Congrats Bluto! I've spent several hours today trying to keep my AMNPS lit. It would burn fine until I put it in the smoker. It's a Bradley, took off the smoke generator and opened the top vent wide open. It would burn for 10 minutes or so and go out. Finally kept the burn when I put a pellet between the door and the seal. Think I"ll call Todd tomorrow. I've got cheese going also,  good luck to you tonight. Looking forward to your Q-view.


----------



## scarbelly (Feb 26, 2012)

Congrats - looks great. Now comes the hard part


----------



## bluto (Feb 27, 2012)

Finished product, I meant to take pics before I packed them, but they are sealed up and in the fridge for the 2-3 week wait.


----------



## bluto (Feb 27, 2012)

Kadoka said:


> Congrats Bluto! I've spent several hours today trying to keep my AMNPS lit. It would burn fine until I put it in the smoker. It's a Bradley, took off the smoke generator and opened the top vent wide open. It would burn for 10 minutes or so and go out. Finally kept the burn when I put a pellet between the door and the seal. Think I"ll call Todd tomorrow. I've got cheese going also,  good luck to you tonight. Looking forward to your Q-view.

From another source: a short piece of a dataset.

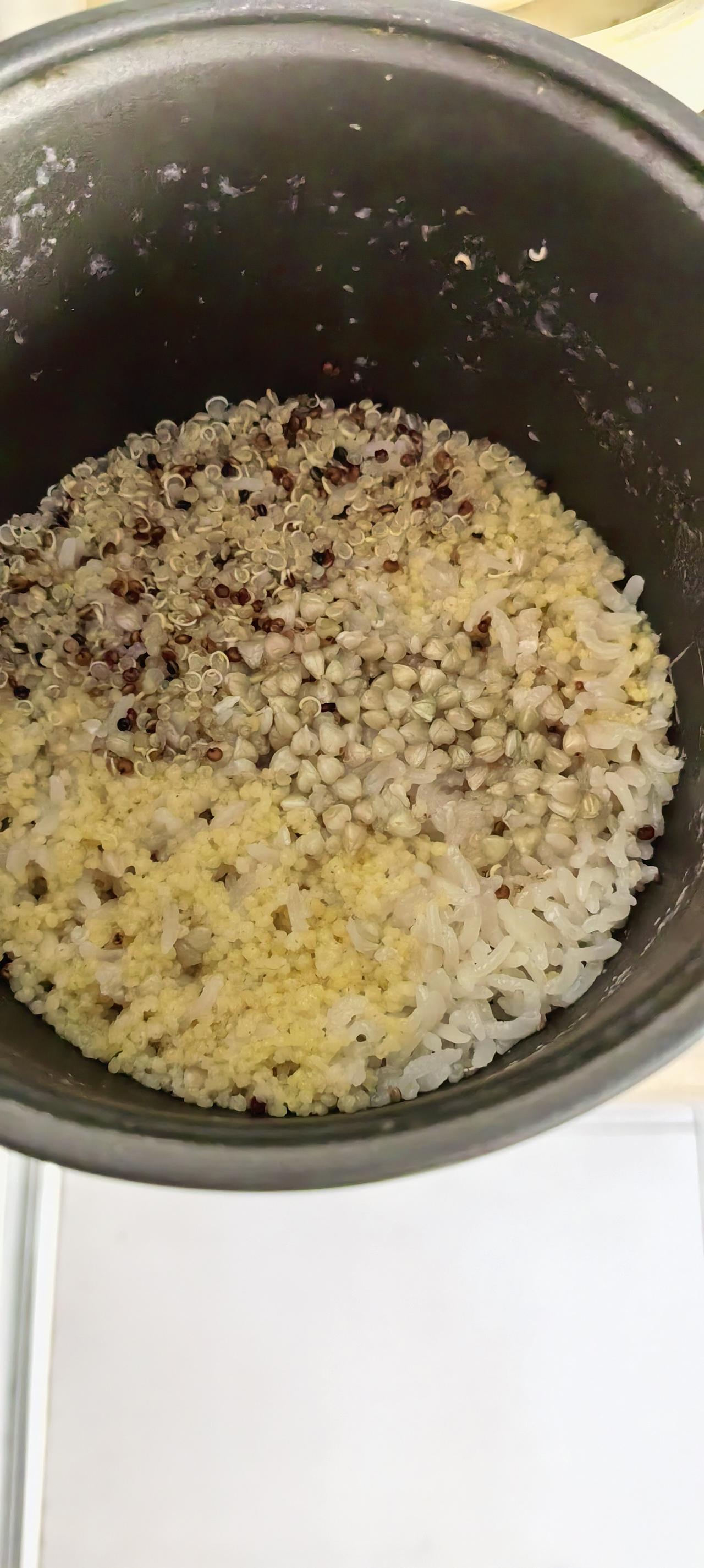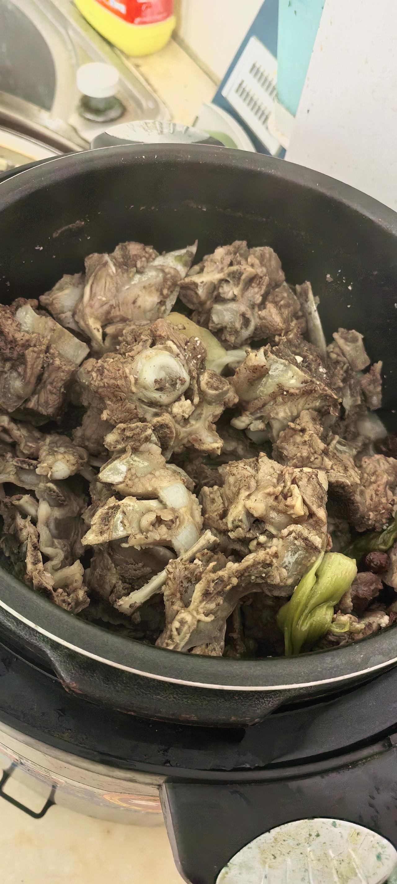 回家浸泡焯水,只放了葱姜八角花椒,炖一个半小时,配上杂粮饭,吃肉喝汤。

Thanks Kadoka, how did yours turn out, once my wind died down I lit both ends and let it flame for about 10 minutes before putting it back in, after that I had no issues.


----------



## bluto (Feb 27, 2012)

Scarbelly said:


> Congrats - looks great. Now comes the hard part


Thanks Scarbelly, and I hear ya, my wife looked at me kinda nut like when I said she can't have any for 2-3 weeks.  HA!


----------



## smokinhusker (Feb 27, 2012)

Great looking cheese and great looking toy!


----------



## bluto (Feb 27, 2012)

SmokinHusker said:


> Great looking cheese and great looking toy!


Thanks Husker, I took your advice and popped the heat up before I put the cheese in.  Only problem is I think my box is too well insulated because the heat didn't disipate much, I had to open the door for awhile to cool things down.  Next time I think I'll pop it up to about 80-90 versus 100, depending on ambient temp.


----------



## tyotrain (Feb 27, 2012)

looks great nice job... Love me some smoked cheese


----------



## jrod62 (Feb 27, 2012)

Nice job on the cheese


----------



## stonebriar (Feb 27, 2012)

Congratulations! Smoked Cheese is one of our favorites...


----------



## bluto (Mar 21, 2012)

Well, I've had a chance to sample a few of the cheeses, so far the Queso fresco, pepper jack and muenster are fantastic!  The white Sharp and extra Sharp are a little too smoky, kinda even "ashy" tasting, part.of that could be due to the issues I had with keeping the AMPS lit, trial & error continues, but 3 winners for sure.


----------



## kadoka (Mar 22, 2012)

Bluto said:


> Thanks Kadoka, how did yours turn out, once my wind died down I lit both ends and let it flame for about 10 minutes before putting it back in, after that I had no issues.


Yea I did finally get a good burn going and I think everything went well. It will be 4 weeks this weekend and I will find out for sure. It's a hard wait.


----------



## tjohnson (Mar 22, 2012)

SUCCESS!

Great Color on your cheese

Todd


----------